Disallow pages that ends with number only in robots.txt - robots.txt

Is it possible to tell Google not to crawl these pages
/blog/page/10
/blog/page/20
…
/blog/page/100
These are basically Ajax calls that bring blog posts data.
I created this in robots.txt:
User-agent: *
Disallow: /blog/page/*
But now I have to another page that I want allow which is
/blog/page/start
Is there a way that I tell robots that only pages that end with a number
e.g
User-agent: *
Disallow: /blog/page/(:num)
I also got an error bellow when I tried to validate the robots.txt file:

Following the original robots.txt specification, this would work (for all conforming bots, including Google’s):
User-agent: *
Disallow: /blog/pages/0
Disallow: /blog/pages/1
Disallow: /blog/pages/2
Disallow: /blog/pages/3
Disallow: /blog/pages/4
Disallow: /blog/pages/5
Disallow: /blog/pages/6
Disallow: /blog/pages/7
Disallow: /blog/pages/8
Disallow: /blog/pages/9
This blocks all URLs whose path begins with /blog/pages/ followed by any number (/blog/pages/9129831823, /blog/pages/9.html, /blog/pages/5/10/foo etc.).

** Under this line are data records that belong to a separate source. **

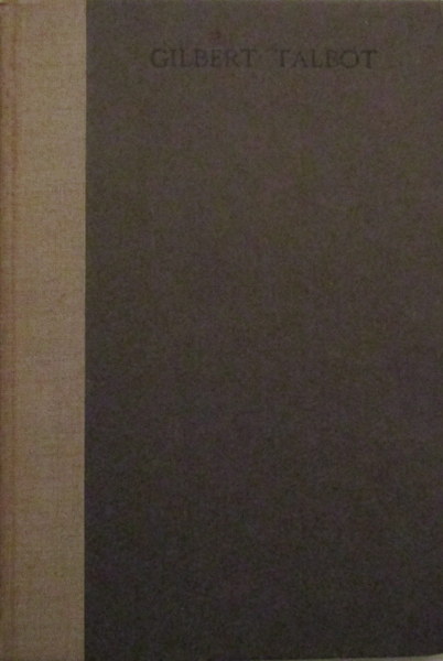 Walter Lyttelton Talbot was born in 1891 at his father's vicarage in Leeds. His father became Lord Bishop of Winchester and Talbot was educated at Winchester and Christ Church College, Oxford. He was President of the Oxford Union (a family tradition) and his ambition was to enter the political arena, however this and plans for a world tour were frustrated by the outbreak of war. Talbot obtained a commission in the 7th (Service) Battalion Rifle Brigade, one of the earliest New Army battalions to be formed. He proceeded with his unit to Flanders in May 1915 and was killed in action at Hooge on 30th July, 1915, in his Battalion's counter-attack following the German 'liquid fire' attack on the 8th Rifle Brigade. He was twenty-three when he fell and is buried in Sanctuary Wood Cemetery. Talbot House, the famous soldiers' club at Poperinghe, founded by his brother Rev. Neville Talbot (formerly of the Rifle Brigade) and Rev. 'Tubby' Clayton, was so named in his memory. Contains a memoir of his life with numerous tributes and eulogies from various friends, also lengthy extracts from his diary in Flanders describing his work in the line, various carrying parties etc., and scenes he observed, e.g. the appearance of Ypres (from his diary entry of 15th June 1915): "I despair of telling you what the place looks like. It beggars description. The suburbs of the town are comparatively intact, though most houses there have been shelled. But the whole inside is simply a desolation. You cannot imagine it being rebuilt. We walked through the streets and found not one house which was not a mere mass of ruins or just a big heap of bricks. Of course there are fragments that remain, some with old familiar advertisements – I saw one of Singer's Sewing Machines. Odder than anything is to go into any of the ruined houses. They nearly all show signs of being abandoned in panic, without their owners waiting so much as to pick up anything: half eaten meals are on the tables: clothes lie in confusion on the floors… And then we came into the famous Place. The Cloth Hall, roofless and ruined, lies all the way down one side… The whole square is covered with loose stones and rubble… there's not a living soul to be seen, apart from passing British soldiers… Nothing has brought home the war to me as has this town. Its people had no connection with the war, no interest in the war, and their lovely home has been gutted until its unrecognizable. I wish everybody in England could see it…" Rare original privately printed edition with real photo. portrait frontis., inscription on half-title: "To E. & Evelyn Jackson in memory of Gilbert Talbot from his mother. July 1916. + Hooge July 30 '15." Orig. printed paper covd. boards with cloth backstrip, VG.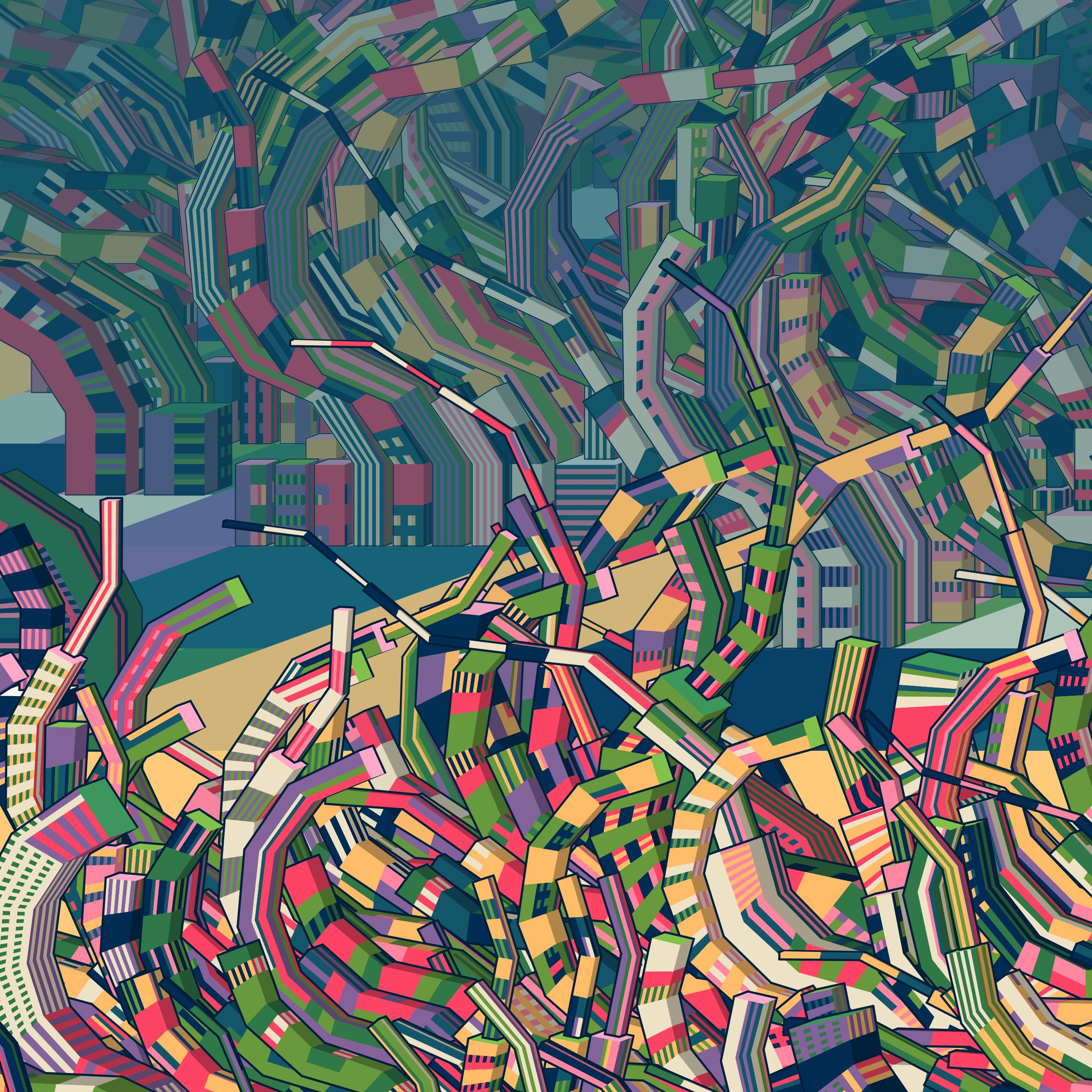Project Description: Ecumenopolis focuses on exploration and discovery, generating scenes of cityscapes in unknown worlds. 10% of the minting profits will be donated to the National Alliance to End Homelessness (https://endhomelessness.org/). Created by Joshua Bagley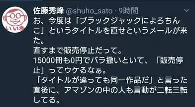 佐藤秀峰推特:我收到亚马逊要求把“问屌”改回去的邮件——“直到改回原名为止,都继续禁售”。替人卖15000本0元书,又突然玩停售、真是可笑。我回应“就算名字改了,那也是同一部作品”后,亚马逊的人也来回换了好几套说辞。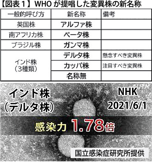 ロイターによると、世界保健機関(WHO)は2021年5月31日に「懸念される」新型コロナウィルス(以下、「コロナ」という。)変異株4種類の名称について、ギリシャ語のアルファベットを使用すると発表した(図表1)。これまで「B.1.351」といった科学的な名称が使われていたが、複雑すぎるとの批判やウィルスが最初に検出された国や地域の名称を用いることで、マイナスのイメージを植え付けたくないという。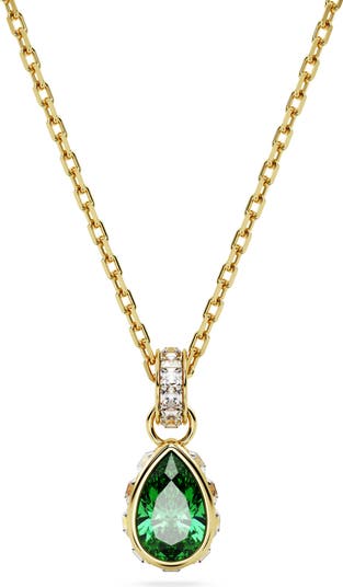 This stunning necklace brings exquisite sparkle to your look with its pear-cut pendant fitted with a vibrant green crystal complemented with square clear crystals around the edges and on the bail.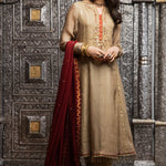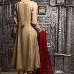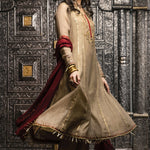 'Jhoom' is a flarely pishwas with intricate gota, kora and dabka work on the neckline. The beautiful dress is embellished with gold laces and with maroon banarsi. The flared paneled frock is complemented with beige raw silk straight pants and a maroon chiffon dupatta.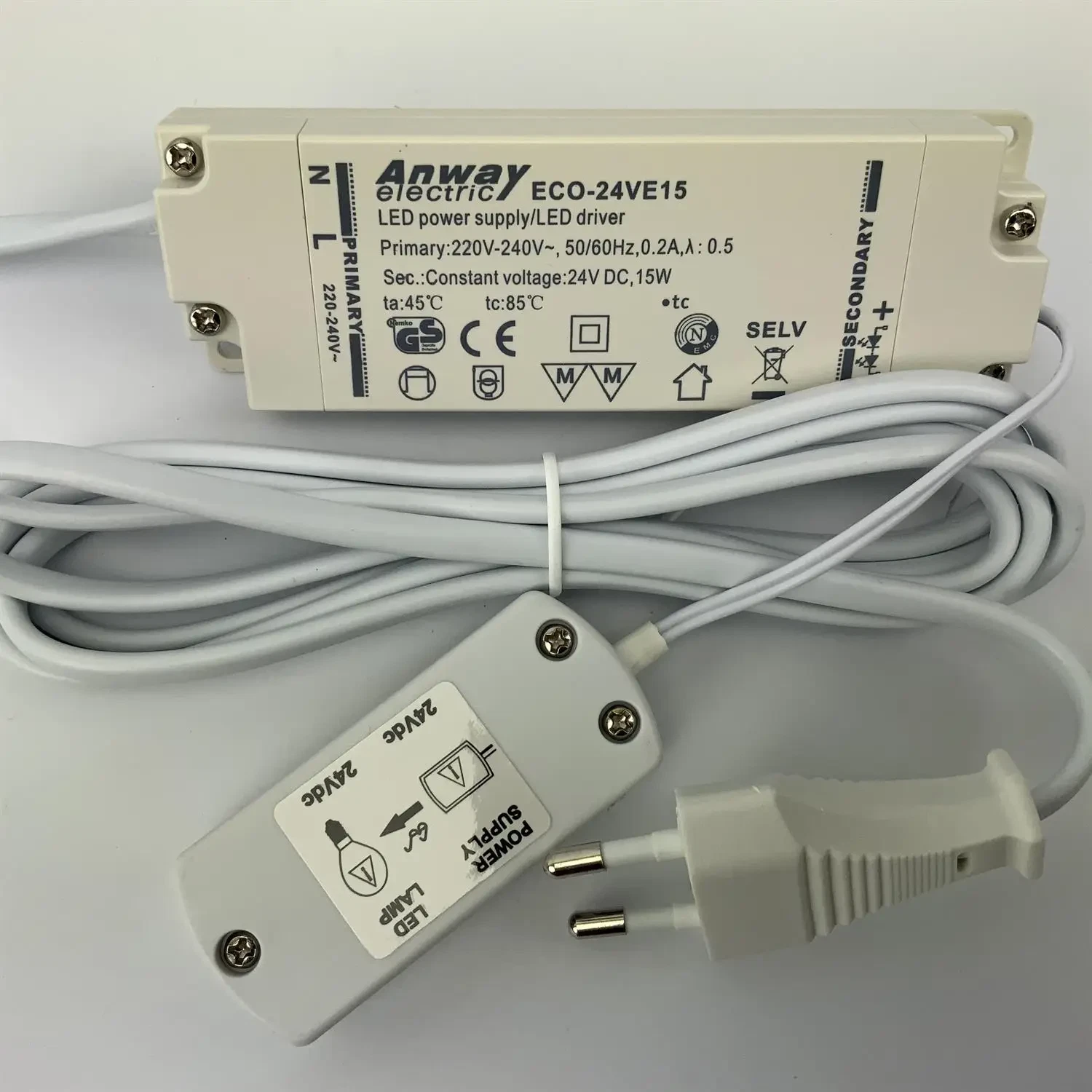 1 stk. LED driver med 2 mtr. ledning med stikprop og dåse for tilslutning af max. 8 stk. LED spots
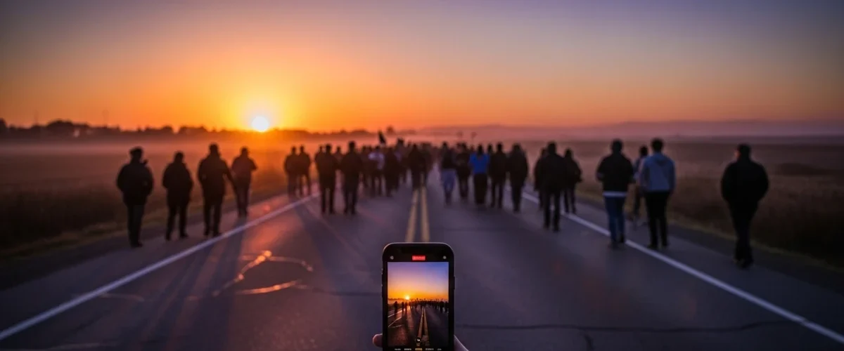 O que mudou é que a marcha contemporânea sabe que será filmada. Ela se organiza não apenas para ocupar a rua, mas para ocupar a tela. O sacrifício do corpo que caminha quilômetros sob o peso da exaustão e da história se tornou, também, narrativa visual.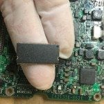 By the time Mike removed the ROM chips, the acid had already eaten through enough of the solder on some of the other components of the PCB that they could simply be brushed off of the board with a light touch. The greatest danger here was that the leads on the ROM chip would be eaten away as well. The leads allow signals to travel from the chip into the PCB and vice versa. If this happened, it would reduce the critical—and utterly irreplaceable—ROM chips to inert and useless black rectangles.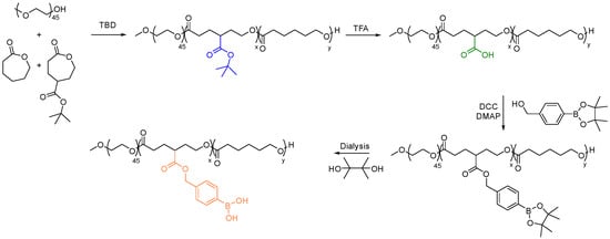 In 2015, Tang et al. utilized PTX-functionalized PCL to passively target cancer sites []. The PTX-PCL conjugate displayed slightly higher drug efficacy than free PTX in MCF-7 cells after 72 hrs of incubation at concentrations between 0.31 and 5.76 mg PTX equiv·mL−1. In another study, Yin et al. used TBD to prepare ester-functionalized PCL block copolymers, specifically with conjugated phenylboronic acid (PBA) formate pendant group (Figure 14) []. Incorporating the PBA pendant group significantly increased the interaction between the polymeric carriers and DOX. Consequently, the drug-loading capacity of the micelles was increased with the use of PBA-modified PCL block copolymers with an encapsulation efficiency of over 95%. These micelles have also been observed to maintain a consistent particle size for up to a week, which makes them a reliable drug carrier.

So you should not append the * character (it’s not a wildcard in the original robots.txt specification, and not even needed in your case for bots that interpret it as wildcard).
Google supports some features for robots.txt which are not part of the original robots.txt specification, and therefore are not supported by (all) other bots, e.g., the Allow field. But as the above robots.txt would work, there is no need for using it.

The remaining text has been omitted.